- [Input records]:
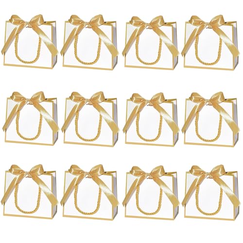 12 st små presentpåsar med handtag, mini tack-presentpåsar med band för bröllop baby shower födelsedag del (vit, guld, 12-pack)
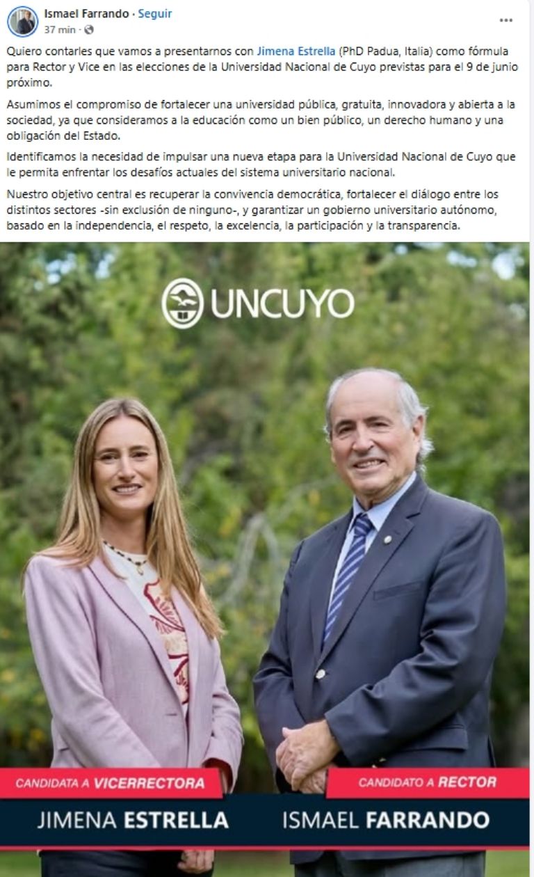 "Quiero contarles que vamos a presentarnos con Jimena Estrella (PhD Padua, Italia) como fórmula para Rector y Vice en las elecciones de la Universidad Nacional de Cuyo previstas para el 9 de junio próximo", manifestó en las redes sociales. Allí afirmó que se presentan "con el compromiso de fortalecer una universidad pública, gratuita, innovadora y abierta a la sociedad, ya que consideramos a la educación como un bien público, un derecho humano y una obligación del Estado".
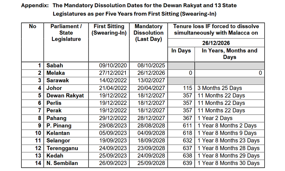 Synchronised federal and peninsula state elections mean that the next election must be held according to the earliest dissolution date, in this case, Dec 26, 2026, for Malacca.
* * *
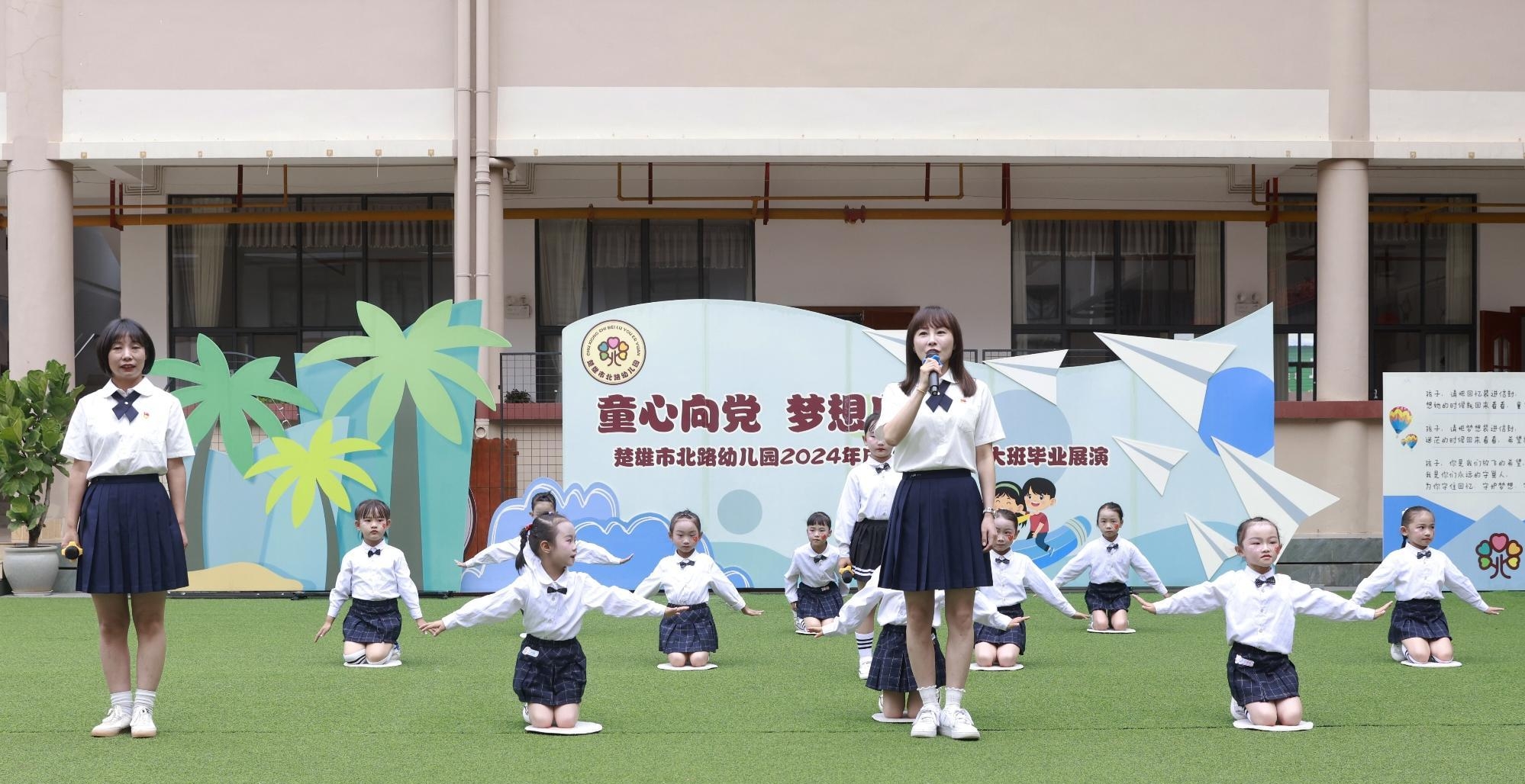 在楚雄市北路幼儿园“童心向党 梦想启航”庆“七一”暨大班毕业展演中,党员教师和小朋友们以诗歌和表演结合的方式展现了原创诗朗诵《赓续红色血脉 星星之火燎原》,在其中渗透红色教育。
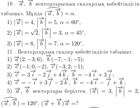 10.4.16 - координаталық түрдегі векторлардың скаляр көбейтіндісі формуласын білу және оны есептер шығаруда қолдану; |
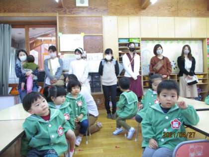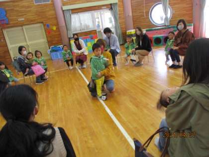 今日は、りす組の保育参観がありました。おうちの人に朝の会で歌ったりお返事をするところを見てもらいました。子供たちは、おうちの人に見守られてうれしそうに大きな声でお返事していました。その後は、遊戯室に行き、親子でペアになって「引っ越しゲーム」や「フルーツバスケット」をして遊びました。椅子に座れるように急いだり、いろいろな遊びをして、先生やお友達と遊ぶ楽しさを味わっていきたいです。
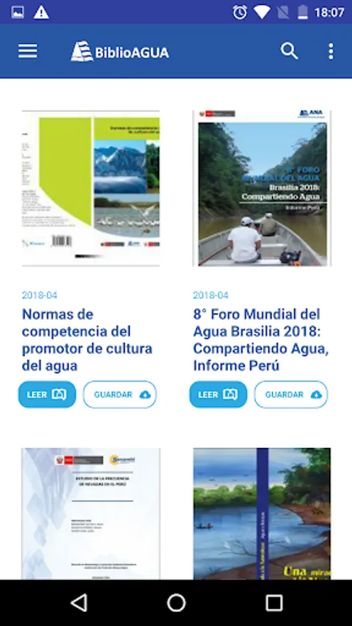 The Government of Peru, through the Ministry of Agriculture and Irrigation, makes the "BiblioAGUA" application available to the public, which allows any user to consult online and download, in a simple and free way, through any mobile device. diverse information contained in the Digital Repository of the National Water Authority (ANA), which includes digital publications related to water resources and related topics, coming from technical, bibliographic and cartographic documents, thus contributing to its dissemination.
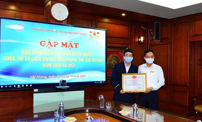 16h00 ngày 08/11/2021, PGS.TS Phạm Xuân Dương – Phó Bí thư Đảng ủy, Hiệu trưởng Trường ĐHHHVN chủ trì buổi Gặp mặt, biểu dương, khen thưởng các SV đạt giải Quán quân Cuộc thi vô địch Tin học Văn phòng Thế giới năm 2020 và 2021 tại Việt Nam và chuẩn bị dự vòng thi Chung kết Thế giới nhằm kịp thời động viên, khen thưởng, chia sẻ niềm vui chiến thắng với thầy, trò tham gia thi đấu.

- [The problem]:
Using the entries above, repeat exactly the lines from the one with "12 st små presentpåsar" to the one with "Synchronised federal and", both included, and leave the pictures behind.

- [Response]:
 12 st små presentpåsar med handtag, mini tack-presentpåsar med band för bröllop baby shower födelsedag del (vit, guld, 12-pack)
 "Quiero contarles que vamos a presentarnos con Jimena Estrella (PhD Padua, Italia) como fórmula para Rector y Vice en las elecciones de la Universidad Nacional de Cuyo previstas para el 9 de junio próximo", manifestó en las redes sociales. Allí afirmó que se presentan "con el compromiso de fortalecer una universidad pública, gratuita, innovadora y abierta a la sociedad, ya que consideramos a la educación como un bien público, un derecho humano y una obligación del Estado".
 Synchronised federal and peninsula state elections mean that the next election must be held according to the earliest dissolution date, in this case, Dec 26, 2026, for Malacca.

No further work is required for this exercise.